L’Italia odierna che sonnecchia nell’apatia e nell’omologazione è lontanissima da ciò che la storiografia ha definito “biennio rosso”, ciononostante questi giorni – e per questi giorni intendiamo il tempo trascorso tra i giorni immediatamente precedenti alla manifestazione di Napoli di sabato 11 marzo e la giornata del 25 marzo contro la celebrazione dei 60 anni dei Trattati di Roma – ne richiamano altri, propri di quel periodo:

Siamo nell’Italia del 1919, nell’aprile del 1919 per l’esattezza e le parole che seguono si trovano nel volume Le origini del fascismo in Italia di Gaetano Salvemini. “Il giorno 9, la Camera del Lavoro di Roma proclama uno sciopero generale per la giornata seguente che avrebbe dovuto unire la protesta contro la Conferenza della Pace di Parigi che non offriva una “pronta e giusta pace” e le “immediate rivendicazione proletarie”. Lo scioperò generale cessò dopo ventiquattro ore, cioè fu una semplice parata di forze rivoluzionarie e non l’inizio di un movimento rivoluzionario da parte di queste stesse forze. […] Nel pomeriggio, mentre la maggior parte degli scioperanti era a casa a riposare, o in campagna a prendere una boccata d’aria, alcune centinaia di massimalisti […] cercarono di raggiungere il centro della città, al seguito di una bandiera rossa.

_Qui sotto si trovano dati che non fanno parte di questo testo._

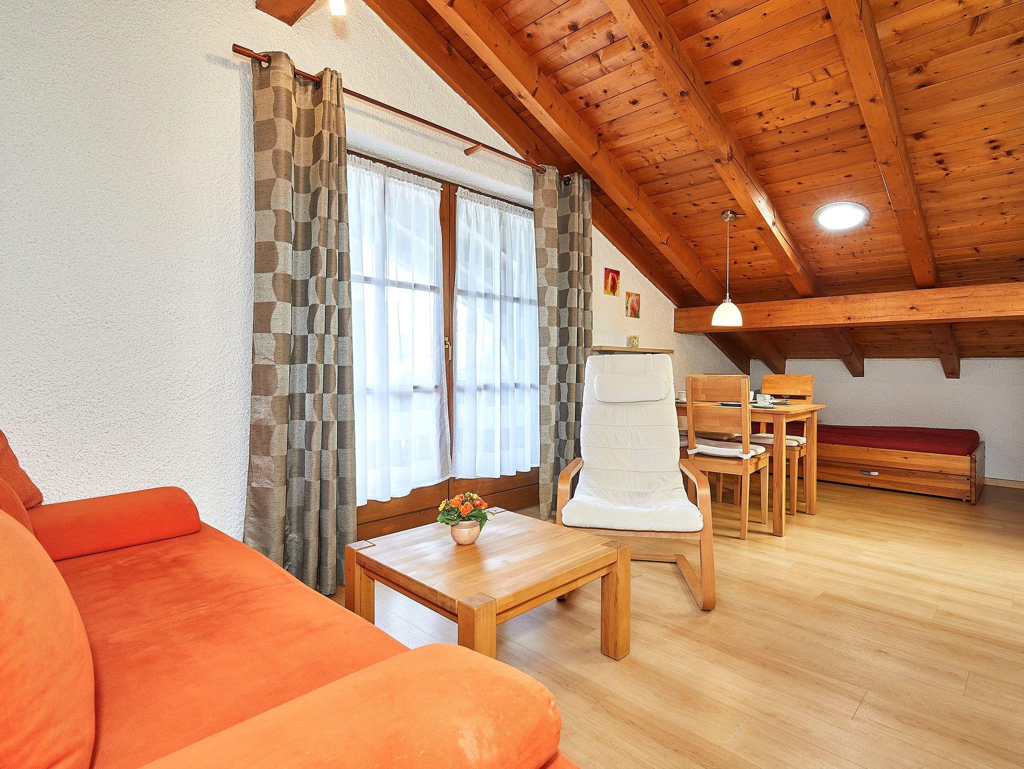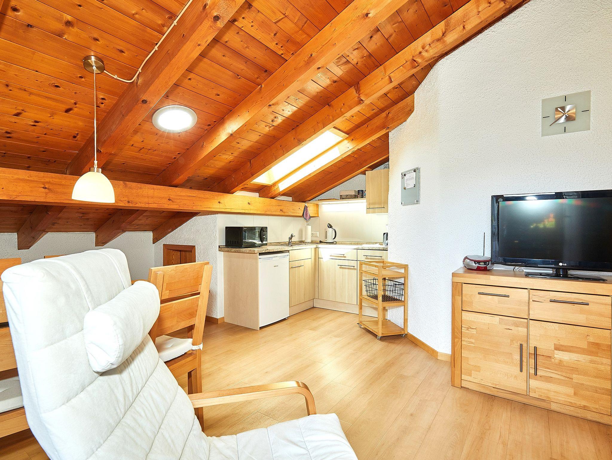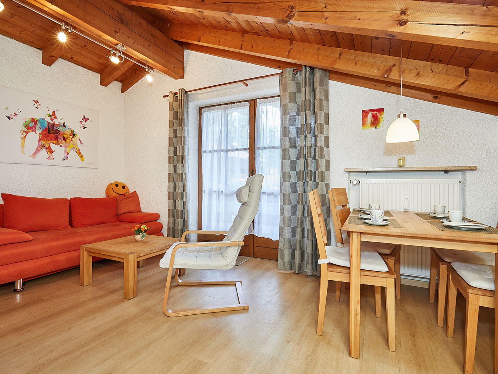 Die Wohnung bietet Platz für bis zu vier Personen, wurde 2013 komplett renoviert und neugestaltet und überzeugt mit moderner Einrichtung. Der Wohnraum verfügt über einen Essbereich, eine gemütliche Sitzgruppe mit Schlafcouch, ein zusätzliches Bett unter der Dachschräge, sowie direkten Zugang zum großzügigen möblierten Ostbalkon. Dieser bietet genug Platz und lädt an warmen Morgenstunden zu einem sonnigen Frühstück ein. Die neue Küchenzeile lässt keine Wünsche offen und ist mit Herd, Kühlschrank, Mikrowelle und Spülmaschine ausgestattet. Im separaten Schlafzimmer empfängt Sie ein bequemes Doppelbett, welches erholsamen Schlaf garantiert. Das Badezimmer ist komplett neu und verfügt über ein WC und eine ebenerdige Dusche. Weiters steht es unseren Gästen frei, WLAN, Telefon, Fernseher und Radio zu verwenden.

Un cordone di soldati li fermò, la polizia li sciolse, e diverse persone furono arrestate e subito rilasciate. Immediatamente, l’associazione combattenti, che a Roma era controllata dai nazionalisti, organizzò una dimostrazione nel nel centro della città in onore dell’esercito che aveva mantenuto l’ordine. Scelsero proprio l’ora in cui gli impiegati dei ministeri uscivano dagli uffici e non trovavano tram per andare a casa. […] Si formò un corteo, al quale parteciparono molti ufficiali in uniforme; esso si diresse verso il ministero della Guerra […] Una commissione capeggiata dal deputato nazionalista di Roma dal ministro della Guerra, al quale rivolse “l’omaggio del popolo di Roma”. […] Durante tutta la dimostrazione il “proletariato rivoluzionario” non dette segno di vita.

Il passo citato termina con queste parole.